There were problems with several provisions. This was the case with the definition of warrant, the provision allowing the RCMP to obtain information in order to find individuals subject to arrest warrants, and the provision allowing the RCMP to convey information on people subject to an arrest warrant. The commissioner recommended that these provisions be withdrawn from the bill.

Our present understanding is that the government tried to tighten up these provisions but was unsuccessful.

As a matter of fact, while the RCMP can no longer obtain information for the purpose of finding an individual subject to a warrant, it can still convey to a peace officer information obtained through the provisions in Bill C-17 if it has reason to believe that this information would facilitate the execution of a warrant.

However, in actual fact, the RCMP decides by itself when there is a threat to transportation safety and can thus ask an airline for information on passengers. There is no mechanism controlling the use of this provision. In other words, the RCMP has carte blanche. Moreover, once it has obtained the information, nothing precludes the RCMP from keeping it, as long as the reasons for doing so are written down.

What is more, the government has tightened up the definition of warrant. In the previous version, it might be an outstanding warrant for any offence punishable under federal law by imprisonment for five years or more. Now the definition stipulates that there will be a regulation stipulating exactly what crimes are involved.

The commissioner also expressed serious reservations regarding how long the information could be retained: The seven day period during which the RCMP and CSIS may keep the information is excessive; 48 hours would be adequate. The fact that the RCMP and CSIS can keep this information indefinitely is of concern. There must be limits. Neither of these changes was made.

As a result, on November 1, 2002, Privacy Commissioner George Radwanski issued a press release in which he described the changes as follows:

—with only minimal and unsatisfactory changes in the replacement legislation, Bill C-17.

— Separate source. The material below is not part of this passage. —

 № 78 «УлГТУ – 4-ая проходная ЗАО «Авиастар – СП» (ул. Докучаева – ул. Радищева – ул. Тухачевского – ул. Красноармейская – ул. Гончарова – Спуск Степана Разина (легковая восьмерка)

According to the Commissioner:

The provision in question, section 4.82 of both bills, would give the RCMP and CSIS unrestricted access to the personal information held by airlines about all Canadian air travellers on domestic as well as international flights.

He goes on to say:

But my concern is that the RCMP would also be expressly empowered to use this information to seek out persons wanted on warrants for Criminal Code offences that have nothing to do with terrorism, transportation security or national security.

This is but one of the aspects of the bill that remain problematic.

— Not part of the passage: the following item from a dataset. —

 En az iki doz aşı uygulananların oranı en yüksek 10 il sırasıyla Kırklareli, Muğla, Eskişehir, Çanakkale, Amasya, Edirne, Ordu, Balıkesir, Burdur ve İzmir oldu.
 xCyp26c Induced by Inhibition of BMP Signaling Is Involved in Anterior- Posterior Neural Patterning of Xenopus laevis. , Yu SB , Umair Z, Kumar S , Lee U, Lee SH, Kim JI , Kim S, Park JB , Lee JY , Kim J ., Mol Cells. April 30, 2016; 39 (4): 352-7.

We in the Bloc Quebecois believe that the amendments introduced by the government in connection with the power of the RCMP and CSIS to gather information on air passengers are still far too broad. Although the proposed amendments may appear to be plugging some of the loopholes, the problems raised by the Privacy Commissioner remain.

We are therefore fielding the ball thrown out by the Privacy Commissioner and are opposing these new broadened police powers.

We must not forget that the new databank that the RCMP and CSIS will have the authority to create will be in addition to the new databank created by the Canada Customs and Revenue Agency, also condemned by the Privacy Commissioner.

Bill C-17, the Public Safety Act, 2002, clearly represents a big step back by the Liberal government, which acted much too precipitously following the events of September 11. It acted too quickly.

The new version demonstrates clearly that our criticisms were reasonable and founded. Even after the changes made, this bill remains unacceptable and is described by the Privacy Commissioner as an unsatisfactory version.

Public Safety Act, 2002Government Orders

1:10 p.m.


Judy Sgro Liberal York West, ON

Madam Speaker, I wish to speak to the interim orders required for Health Canada that would be allowed under Bill C-17.

The bill would allow certain ministers to make interim orders if immediate action is required to deal with a significant risk to health, safety or the environment. It would allow the minister to act rapidly to address an emergency situation.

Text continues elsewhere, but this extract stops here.